• **What is being asked**:
Please repeat the data below exactly, with the pictures removed.

• **Supplied data**:
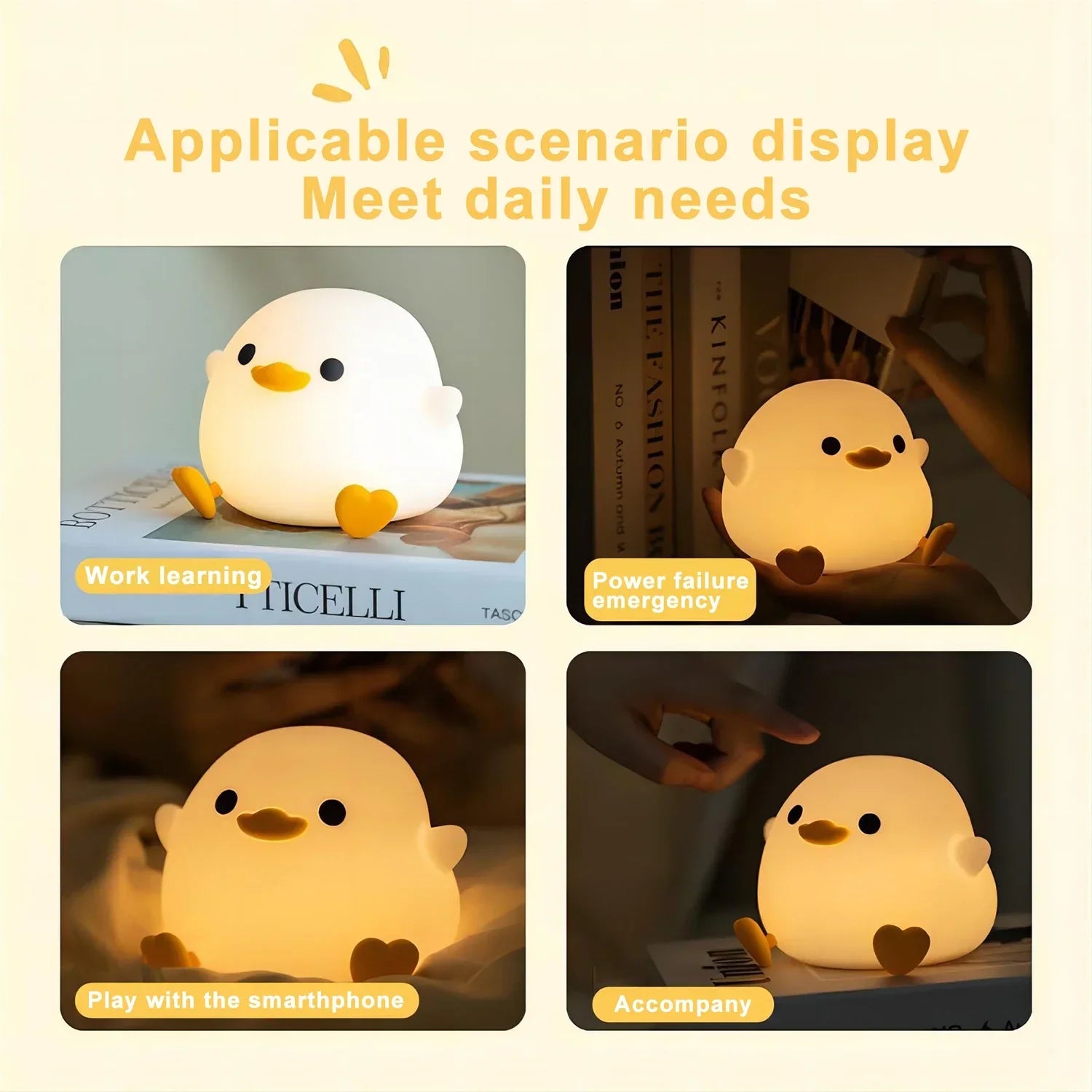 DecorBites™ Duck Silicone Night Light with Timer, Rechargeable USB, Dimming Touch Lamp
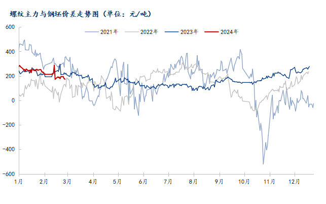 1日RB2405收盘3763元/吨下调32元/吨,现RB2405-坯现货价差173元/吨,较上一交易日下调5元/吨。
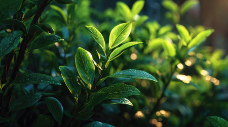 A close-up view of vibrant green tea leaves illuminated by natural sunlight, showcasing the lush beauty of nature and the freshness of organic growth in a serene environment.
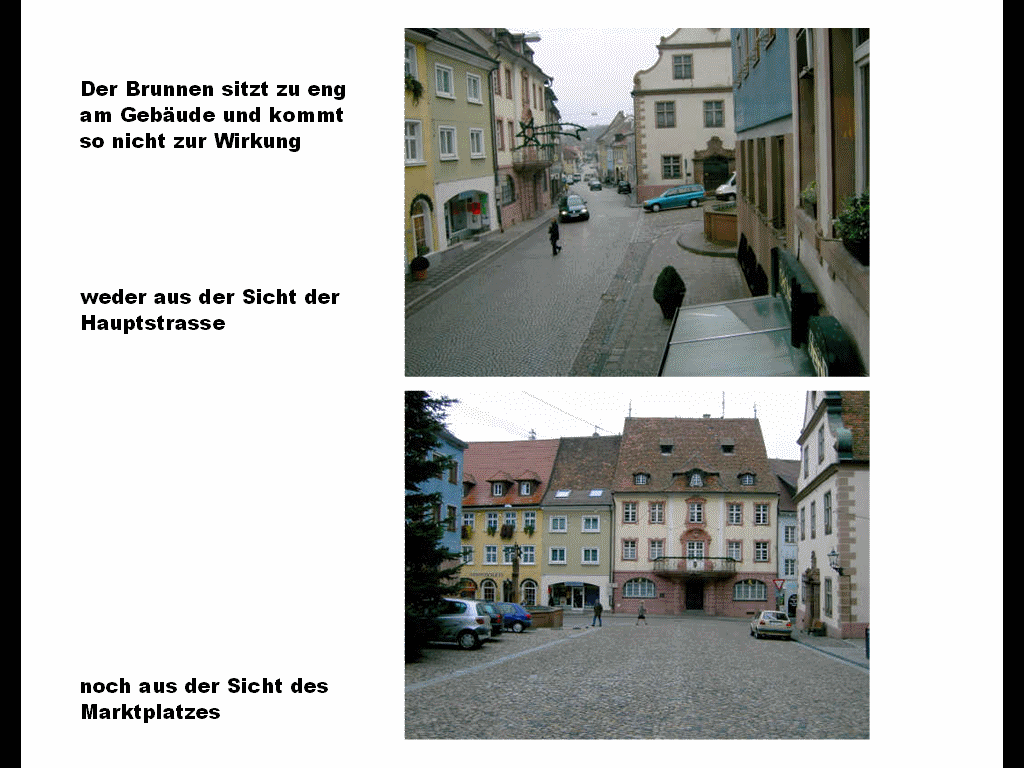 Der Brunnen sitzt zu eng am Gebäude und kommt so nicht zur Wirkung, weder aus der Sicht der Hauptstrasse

• **Result of the task**:
 DecorBites™ Duck Silicone Night Light with Timer, Rechargeable USB, Dimming Touch Lamp
 1日RB2405收盘3763元/吨下调32元/吨,现RB2405-坯现货价差173元/吨,较上一交易日下调5元/吨。
 A close-up view of vibrant green tea leaves illuminated by natural sunlight, showcasing the lush beauty of nature and the freshness of organic growth in a serene environment.
 Der Brunnen sitzt zu eng am Gebäude und kommt so nicht zur Wirkung, weder aus der Sicht der Hauptstrasse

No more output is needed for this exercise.